--- WHAT IS REQUIRED ---
For every record below, repeat the text exactly and pass over any image.

--

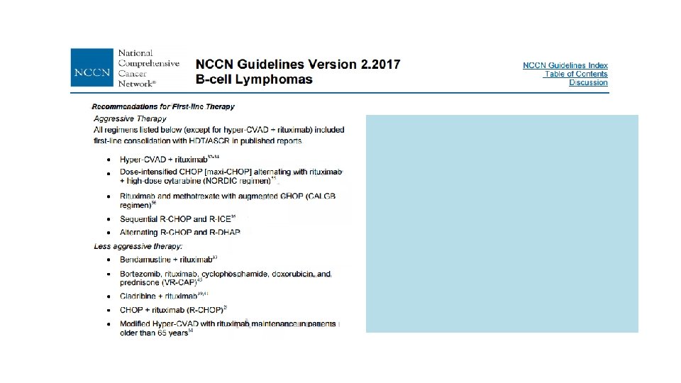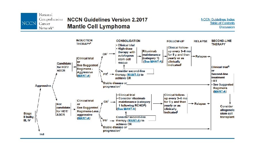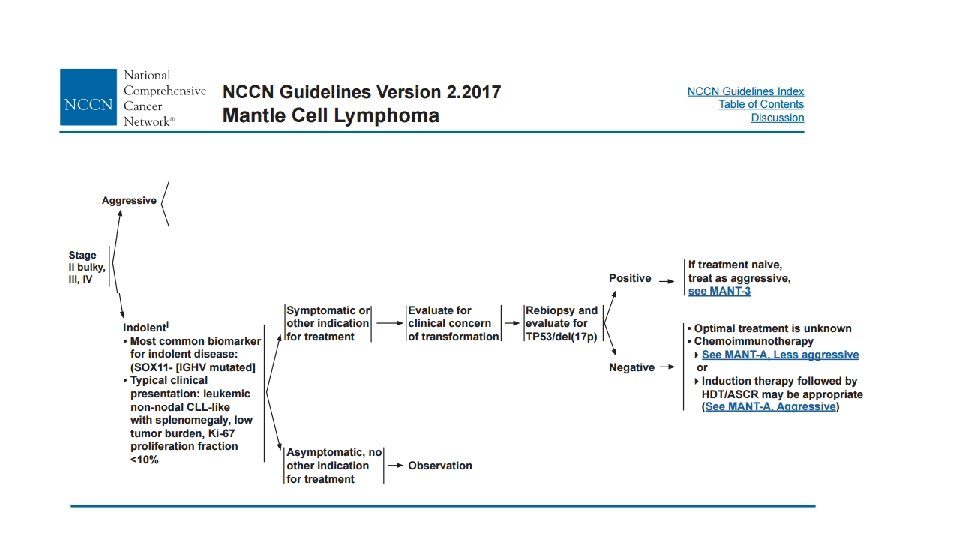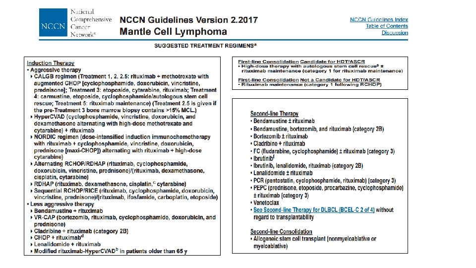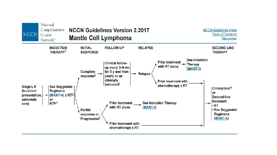 MCL: Clinical Features q > 90% stage III/IV, including marrow involvement q Blood (lymphocytosis), and lymphadenopathy (75 -90 %) q Extranodal sites common a) GI (upper and lower, can present as lymphomatous polyposis coli), (25 %) b) CNS involvement rare (<5%) c) Leukemic phase, PB flow commonly positive Most patients present with advanced stage disease. . Cheah CY, et al. Ann Oncol. 2013; 24: 2119 -2123
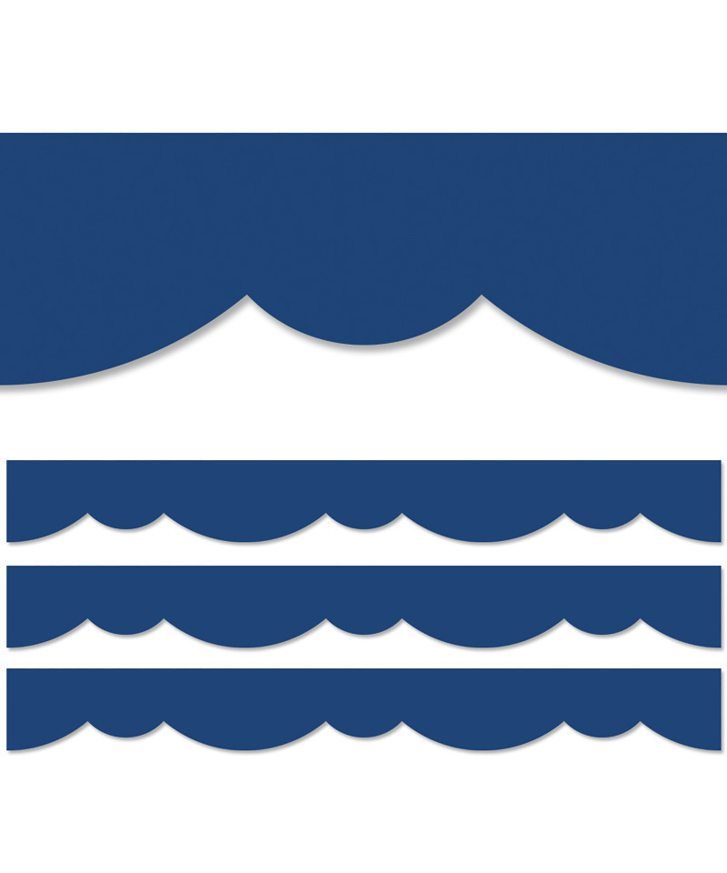 - Blue Stylish Scallops Border features a playful double scallop design to create a neat and easy way to edge any bulletin board or classroom display
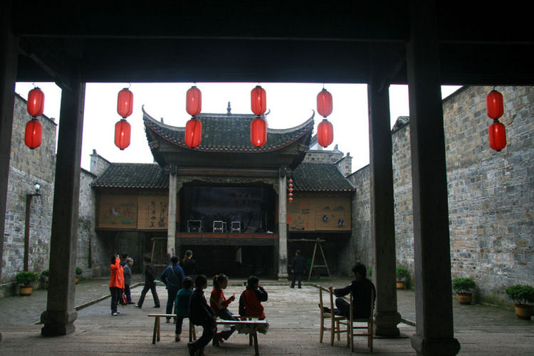 臨河戲臺(tái)幾乎天天都唱戲給烏舡子看。唱他們最愛(ài)看的湘劇,并且都是折子戲而非整場(chǎng)戲,因?yàn)檎麍?chǎng)戲常常要唱十天半月,烏舡子沒(méi)看得完就要返航。折子戲短,最切合烏舡子的停靠時(shí)日。唱的多半是“三國(guó)戲”:《空城計(jì)》、《定軍山》、《走麥城》、《三氣周瑜》,還有《黃鶴樓》、《摘梅桃》……數(shù)也數(shù)不完。戲班子都是由八元堂寧鄉(xiāng)會(huì)館從各地邀請(qǐng)來(lái)的,免費(fèi)公演。招呼戲班子的費(fèi)用由會(huì)館埋單,免不了要請(qǐng)到怡華樓、月華樓、奇珍閣等有名的飯館去吃“八大碗”,唱完戲還有夜宵招待,吃靖港的特色小吃。戲班子當(dāng)然就更賣力。烏舡子上的船老大不但愛(ài)看戲,還蠻會(huì)享受,他們把船搖得正正地對(duì)準(zhǔn)臨河戲臺(tái),和小老婆肩并肩雙雙坐船頭,一邊津津有味地看戲一邊津津有味地喝著靖港谷酒,吃著從靖港街上買來(lái)的香干子和鹵菜,搖頭晃腦,張嘴咋舌,樂(lè)不思蜀。也有許多古鎮(zhèn)居民來(lái)看免費(fèi)戲,他們常常爬到烏舡子上,與船老板和和老板娘一起看戲,船老板熱情大方,會(huì)讓出座位來(lái),邊看戲邊和本地居民扯談,對(duì)古鎮(zhèn)也就更加熟悉了解。
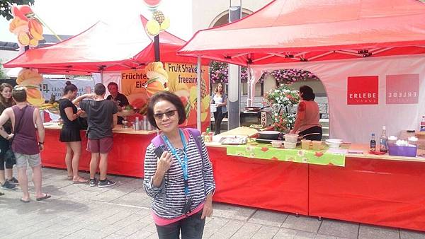 循著街道往前行是市政廳、教堂、Josef公爵雕像和民居,觸目所及皆是綠意盎然,戶戶有花的美麗環境。由小教堂折返回到熱鬧的街上,街景除了佈置溫馨的咖啡室雅座外,便是小巧的街邊小攤販,賣的東西琳琅滿目,令人讚賞的是販賣果乾和蛋糕甜品的攤位上不見有蒼蠅,只有嗡.. 嗡.. 嗡的小蜜蜂飛來飛去!
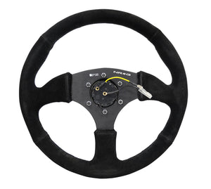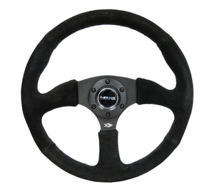 NRG Reinforced Steering Wheel (350mm / 2.5in. Deep) Blk Suede Comfort Grip w/5mm Matte Blk Spokes - RST-023MB-S
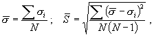 5.6. За результат испытаний принимают среднее арифметическое значение предела прочности при растяжении () и величину среднего квадратического отклонения (), вычисленные по формулам:
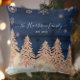 "Rose de la Marine Parties scintillant d'or Forêt d'hiver Nom de famille Jetez l'oreiller." Votre nom de famille dans la calligraphie script avec fleurit avec l'année établie (ou vous pouvez changer à n'importe quel message que vous préférez). Eau bleu marine riche laver bois arrière - plan avec des arbres de parties scintillant en or rose rousse sur une colline enneigée avec trois cerfs et des flocons de neige stylisés. Toutes les oeuvres créées par Audrey Jeanne Roberts, artiste et designer de renommée internationale, copyright.
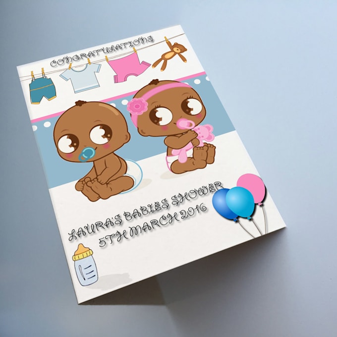 i can design for you any kind of post card for different types of celebration or a baby shower or anything on your mind ,I can also change your real picture or your friend's picture into funny cartoon pictures , you can make it for your friends and print as a greeting cards or post card for any occasion as birthdays or anything else . feel free to be more specific about anything else you need in the design so i can take into consideration to satisfy your needs , if you're not interested for having his name in Arabic , feel free to tell me in which language do you want me to write his name .
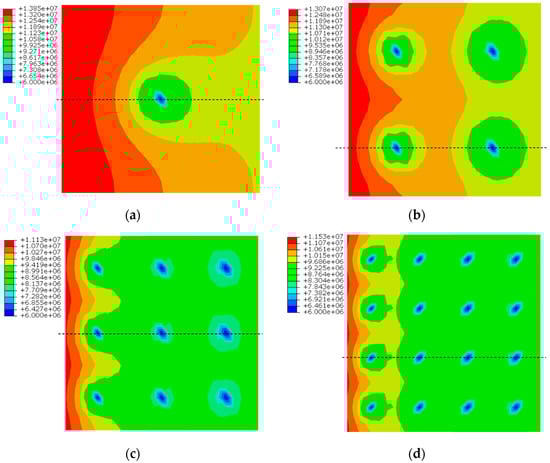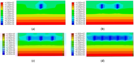 Pore pressure contour map of different well patterns. (a) V1 × 1. (b) V2 × 2. (c) V3 × 3. (d) V4 × 4.
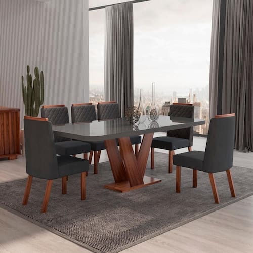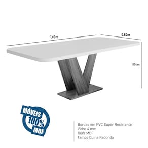 A Sala de Jantar Aurora 160x80 MDF/Vidro Grafite da Bom Pastor, contém no conjunto uma mesa de 1,60m x 80cm. Este conjunto é perfeito para refeições em família e reuniões com amigos. A mesa, fabricada 100% em MDF, oferece durabilidade e resistência, complementada por bordas em PVC super resistentes e um tampo de vidro de 4mm.

--

--- TASK ANSWER ---
 MCL: Clinical Features q > 90% stage III/IV, including marrow involvement q Blood (lymphocytosis), and lymphadenopathy (75 -90 %) q Extranodal sites common a) GI (upper and lower, can present as lymphomatous polyposis coli), (25 %) b) CNS involvement rare (<5%) c) Leukemic phase, PB flow commonly positive Most patients present with advanced stage disease. . Cheah CY, et al. Ann Oncol. 2013; 24: 2119 -2123
 - Blue Stylish Scallops Border features a playful double scallop design to create a neat and easy way to edge any bulletin board or classroom display
 臨河戲臺(tái)幾乎天天都唱戲給烏舡子看。唱他們最愛(ài)看的湘劇,并且都是折子戲而非整場(chǎng)戲,因?yàn)檎麍?chǎng)戲常常要唱十天半月,烏舡子沒(méi)看得完就要返航。折子戲短,最切合烏舡子的停靠時(shí)日。唱的多半是“三國(guó)戲”:《空城計(jì)》、《定軍山》、《走麥城》、《三氣周瑜》,還有《黃鶴樓》、《摘梅桃》……數(shù)也數(shù)不完。戲班子都是由八元堂寧鄉(xiāng)會(huì)館從各地邀請(qǐng)來(lái)的,免費(fèi)公演。招呼戲班子的費(fèi)用由會(huì)館埋單,免不了要請(qǐng)到怡華樓、月華樓、奇珍閣等有名的飯館去吃“八大碗”,唱完戲還有夜宵招待,吃靖港的特色小吃。戲班子當(dāng)然就更賣力。烏舡子上的船老大不但愛(ài)看戲,還蠻會(huì)享受,他們把船搖得正正地對(duì)準(zhǔn)臨河戲臺(tái),和小老婆肩并肩雙雙坐船頭,一邊津津有味地看戲一邊津津有味地喝著靖港谷酒,吃著從靖港街上買來(lái)的香干子和鹵菜,搖頭晃腦,張嘴咋舌,樂(lè)不思蜀。也有許多古鎮(zhèn)居民來(lái)看免費(fèi)戲,他們常常爬到烏舡子上,與船老板和和老板娘一起看戲,船老板熱情大方,會(huì)讓出座位來(lái),邊看戲邊和本地居民扯談,對(duì)古鎮(zhèn)也就更加熟悉了解。
 循著街道往前行是市政廳、教堂、Josef公爵雕像和民居,觸目所及皆是綠意盎然,戶戶有花的美麗環境。由小教堂折返回到熱鬧的街上,街景除了佈置溫馨的咖啡室雅座外,便是小巧的街邊小攤販,賣的東西琳琅滿目,令人讚賞的是販賣果乾和蛋糕甜品的攤位上不見有蒼蠅,只有嗡.. 嗡.. 嗡的小蜜蜂飛來飛去!
 NRG Reinforced Steering Wheel (350mm / 2.5in. Deep) Blk Suede Comfort Grip w/5mm Matte Blk Spokes - RST-023MB-S
 5.6. За результат испытаний принимают среднее арифметическое значение предела прочности при растяжении () и величину среднего квадратического отклонения (), вычисленные по формулам:
 "Rose de la Marine Parties scintillant d'or Forêt d'hiver Nom de famille Jetez l'oreiller." Votre nom de famille dans la calligraphie script avec fleurit avec l'année établie (ou vous pouvez changer à n'importe quel message que vous préférez). Eau bleu marine riche laver bois arrière - plan avec des arbres de parties scintillant en or rose rousse sur une colline enneigée avec trois cerfs et des flocons de neige stylisés. Toutes les oeuvres créées par Audrey Jeanne Roberts, artiste et designer de renommée internationale, copyright.
 i can design for you any kind of post card for different types of celebration or a baby shower or anything on your mind ,I can also change your real picture or your friend's picture into funny cartoon pictures , you can make it for your friends and print as a greeting cards or post card for any occasion as birthdays or anything else . feel free to be more specific about anything else you need in the design so i can take into consideration to satisfy your needs , if you're not interested for having his name in Arabic , feel free to tell me in which language do you want me to write his name .
 Pore pressure contour map of different well patterns. (a) V1 × 1. (b) V2 × 2. (c) V3 × 3. (d) V4 × 4.
 A Sala de Jantar Aurora 160x80 MDF/Vidro Grafite da Bom Pastor, contém no conjunto uma mesa de 1,60m x 80cm. Este conjunto é perfeito para refeições em família e reuniões com amigos. A mesa, fabricada 100% em MDF, oferece durabilidade e resistência, complementada por bordas em PVC super resistentes e um tampo de vidro de 4mm.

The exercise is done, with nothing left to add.